Chers frères et sœurs, en reprenant les catéchèses, je voudrais parler aujourd’hui de mon voyage au Brésil, à l’occasion des Journées mondiales de la Jeunesse. Une des plus belles particularités de ces Journées a été l’accueil des familles et des paroisses. L’accueil aide à surmonter les difficultés et à tisser des liens. Ainsi l’Église grandit comme un réseau d’amitiés en Jésus-Christ. L’accueil est la première parole qui ressort de ce voyage. Une autre parole est la fête. Les Journées mondiales de la Jeunesse sont une grande fête de la foi et de la fraternité.
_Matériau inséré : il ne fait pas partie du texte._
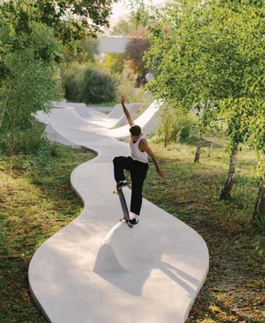 Foto: © Maxime Verret In un paesaggio a metà tra industria e vegetazione, lo skatepark Continua, progetto dello studio MBL Architectes di Parigi, è stato concepito per immergersi nello scenario di un ex-mulino industriale. Con il suo colore chiaro si staglia nel verde del bosco accompagnando la pratica di tutte le tipologie di sport su rotelle. Per 10 anni MBL Architectes hanno lavorato alla progressiva trasformazione di un ex mulino industriale a Boissy-le-Châtel, in Francia, in un luogo d'arte contemporanea per la Galleria Continua. Iniziato nel 2013, il progetto mira a mantenere e preservare il sito industriale; resti di costruzioni cadute, sottolineati dalla presenza di piante e dallo sviluppo di specie selvatiche endemiche, si fondono e crescono accanto agli edifici industriali. Quello di Skatepark Continua è un progetto che segue una ricerca condotta sugli spazi della cultura dello skate, che ha aiutato a capire il ruolo che uno skatepark può rivestire nello sviluppo di un territorio. A differenza di quello che si potrebbe supporre riguardo a una struttura sportiva così specializzata, lo skatepark può favorire l'aggregazione di una popolazione molto diversificata. Punti d'incontro per bambini e genitori, playground adatti alla pratica di ogni sorta di sport sulle ruote e spazi per gli allenamenti di skateboarding, gli skatepark costruiscono comunità temporanee. La loro capacità di generare una forma di "vita pubblica" ha reso così rilevante la costruzione dello skatepark in questo luogo. Lo skatepark Continua di MBL Architectes ha portato un nuovo pubblico nei locali della galleria, non sempre familiare con l'arte contemporanea, e ha offerto uno spazio di aggregazione e comunitario. Lo skatepark esplora le possibilità del cemento bagnato; sul sito, i telai metallici sono stati assemblati e saldati. Il calcestruzzo fresco è stato spruzzato direttamente sul metallo, poi steso e lisciato nelle forme desiderate prima che facesse presa. La fabbricazione dello Skatepark Continua è in gran parte dovuta alla destrezza dei muratori-skaters che sono stati incaricati di dargli forma: il cantiere è stato condotto come se fosse una performance, che ha celebrato l'incontro tra un progetto e un luogo. Ideando il progetto è emerso il desiderio di esplorare le caratteristiche dei primi skatepark, negli anni Settanta: il progetto si basa sulle premesse empiriche dell'architettura non standard. Concepito come una striscia continua, senza delimitazioni, lo skatepark è una struttura nel paesaggio: si allunga lungo i vecchi binari della ferrovia, immerso negli alberi e nei cespugli. Connette gli edifici nel territorio esteso, mentre le linee curve di cemento grezzo delinea le ombre degli alberi. Senza preconcetti, la forma dello skatepark si adatta alle specificità del suolo e della vegetazione esistente.

Mais cela n’est possible qu’avec le Seigneur, car sans l’amour de Dieu il n’y a pas de véritable fête pour l’homme. La mission est le troisième élément qui a caractérisé ces Journées. Aux yeux de Dieu, tout jeune est un apôtre de son Royaume. Si tous les jeunes qui ont rencontré le Christ ressuscité à Rio de Janeiro lui restent unis, ils construiront son Royaume ; ils construiront la fraternité. Accueil, fête et mission: que ces paroles soient l’âme de notre vie et de la vie de nos communautés.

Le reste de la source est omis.